All around us we see evidence of commerce and merchandising.
Competing hospital-based programs, commercials for the wonderful advances
in managed care and the professional group providing the best care are on the
television screen every night. The politicization of health care reform and the
chronic shortfall in funding humane programs for vulnerable populations such
as the homeless, the mentally ill and those existing in poverty leaves us
frustrated and detached.
Multiple marketplace forces rather than the needs of the patient have
changed traditional practice. Traditional educational and practice models have
disappeared. Acute illness requiring a reasonable inpatient hospital stay
allows careful diagnostic evaluation and appropriate treatment interventions.

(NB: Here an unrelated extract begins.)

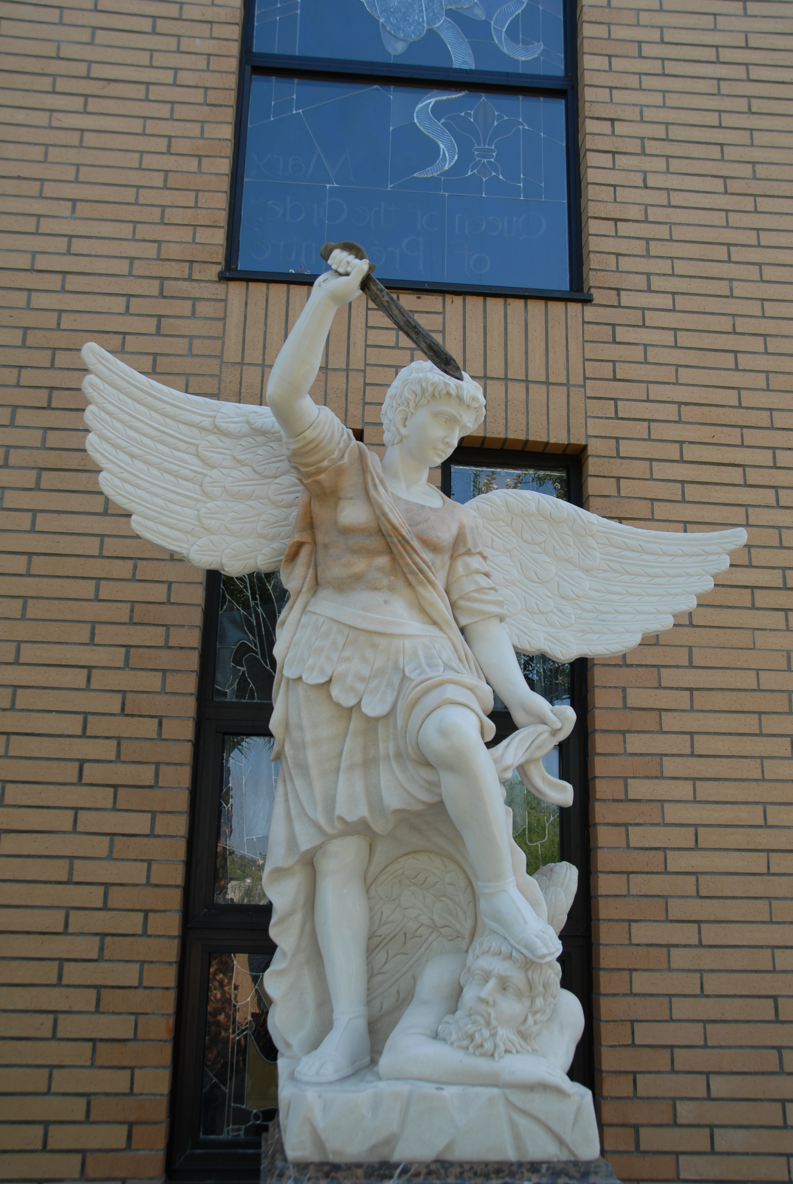 Statue at St. Michael's Abbey (Orange County, California)

Those days are gone! For better or for worse? How can a suicidal patient be
evaluated and treated on an inpatient service with an average stay of 2.3 days?
The external forces of financing and managed care have developed ambulatory
outpatient programs with partial hospitalization, crisis clinics and medication
clinics making brief treatment the one size that fits all the mentally ill.
Appendix G continues the discussion of external forces changing clinical
practice.
How does this effect professional identity? I have seen and heard of
demoralized health care providers. Large hospitals, competing for their share of
the mental health dollar, have continued to decrease the length of stay with
high turnover maintaining occupancy rates. The outsider sees a vicious cycle
with appropriate inpatient care and long-term therapy being squeezed out of
contemporary practice. A physician can make a psychiatric referral and the
“evaluation” is done without the patient seeing a psychiatrist. Perhaps a
psychiatrist will consult for a fifteen-minute segment to prescribe a medication,
after the selective screening by a non-psychiatric mental health professional
who has defined the problems. There have been many lawsuits for wrongful
death and inappropriate treatment in the new management models. Results of
these negotiated legal actions are confidential with lawyers warning parties that
revealing any details of a settlement may void the agreement.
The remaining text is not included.